◆ RECORDED INFORMATION ◆
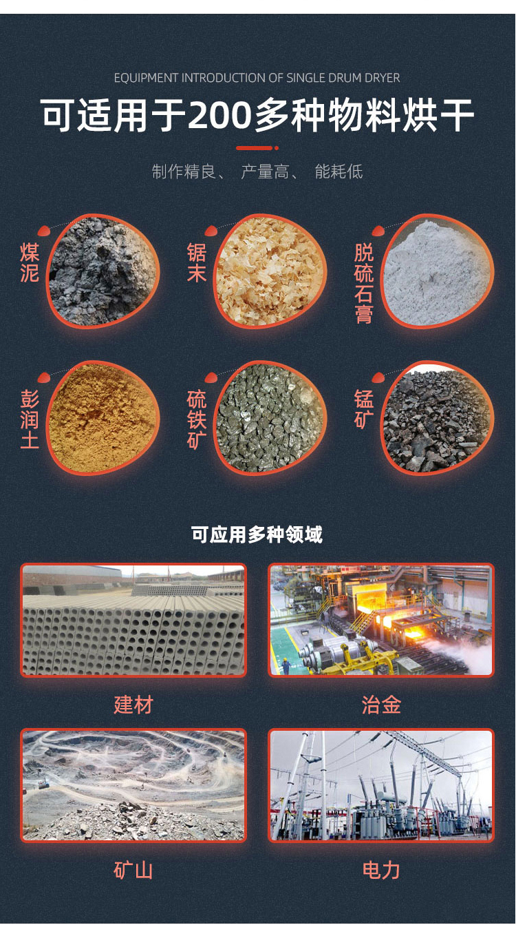 單筒烘干機(jī)系統(tǒng)是由熱源、打散裝置、帶式上料機(jī)、進(jìn)料機(jī)、回轉(zhuǎn)滾筒、帶式出料機(jī)、引風(fēng)機(jī)、卸料器和配電柜構(gòu)成的新型專用干燥設(shè)備,可廣泛應(yīng)用于煤泥、原煤、浮選精煤、混合精煤等煤炭行業(yè)物料的干燥;高爐礦渣、粘土、澎潤(rùn)土、石灰石、沙子、石英石等建筑行業(yè)物料的干燥;各種金屬精礦、廢渣、尾礦等選礦行業(yè)物料的干燥;以及化工行業(yè)非熱敏性物料的干燥。
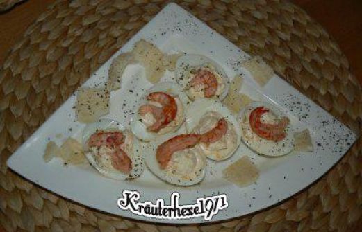 Zutaten für Personen Rezept mit Bild: gefüllte Eier die 2. Bild einstellen 3 hartgekochte Eier frisch geriebener Parmesan 1 Päckchen Flusskrebsschwänze Salz, Pfeffer 1 TL Bouillongewürz 1 EL Schman [...]
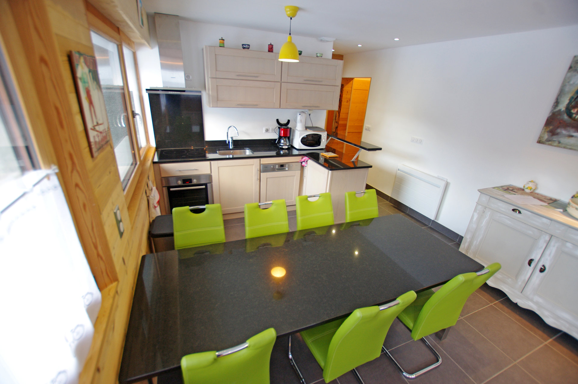 - Cuisine americaine tres bien equipee : frigo avec partie congelateur, four, micro-ondes, plaque vitroceramique, lave-vaisselle, cafetiere electrique, grille-pain, bouilloire et toute la vaisselle necessaire; ouverte sur le coin repas et le salon. Television

◆ PROMPT ◆
When you write out the data, keep every line exact and drop the pictures.

◆ ANSWER TO THE EXERCISE ◆
 單筒烘干機(jī)系統(tǒng)是由熱源、打散裝置、帶式上料機(jī)、進(jìn)料機(jī)、回轉(zhuǎn)滾筒、帶式出料機(jī)、引風(fēng)機(jī)、卸料器和配電柜構(gòu)成的新型專用干燥設(shè)備,可廣泛應(yīng)用于煤泥、原煤、浮選精煤、混合精煤等煤炭行業(yè)物料的干燥;高爐礦渣、粘土、澎潤(rùn)土、石灰石、沙子、石英石等建筑行業(yè)物料的干燥;各種金屬精礦、廢渣、尾礦等選礦行業(yè)物料的干燥;以及化工行業(yè)非熱敏性物料的干燥。
 Zutaten für Personen Rezept mit Bild: gefüllte Eier die 2. Bild einstellen 3 hartgekochte Eier frisch geriebener Parmesan 1 Päckchen Flusskrebsschwänze Salz, Pfeffer 1 TL Bouillongewürz 1 EL Schman [...]
 - Cuisine americaine tres bien equipee : frigo avec partie congelateur, four, micro-ondes, plaque vitroceramique, lave-vaisselle, cafetiere electrique, grille-pain, bouilloire et toute la vaisselle necessaire; ouverte sur le coin repas et le salon. Television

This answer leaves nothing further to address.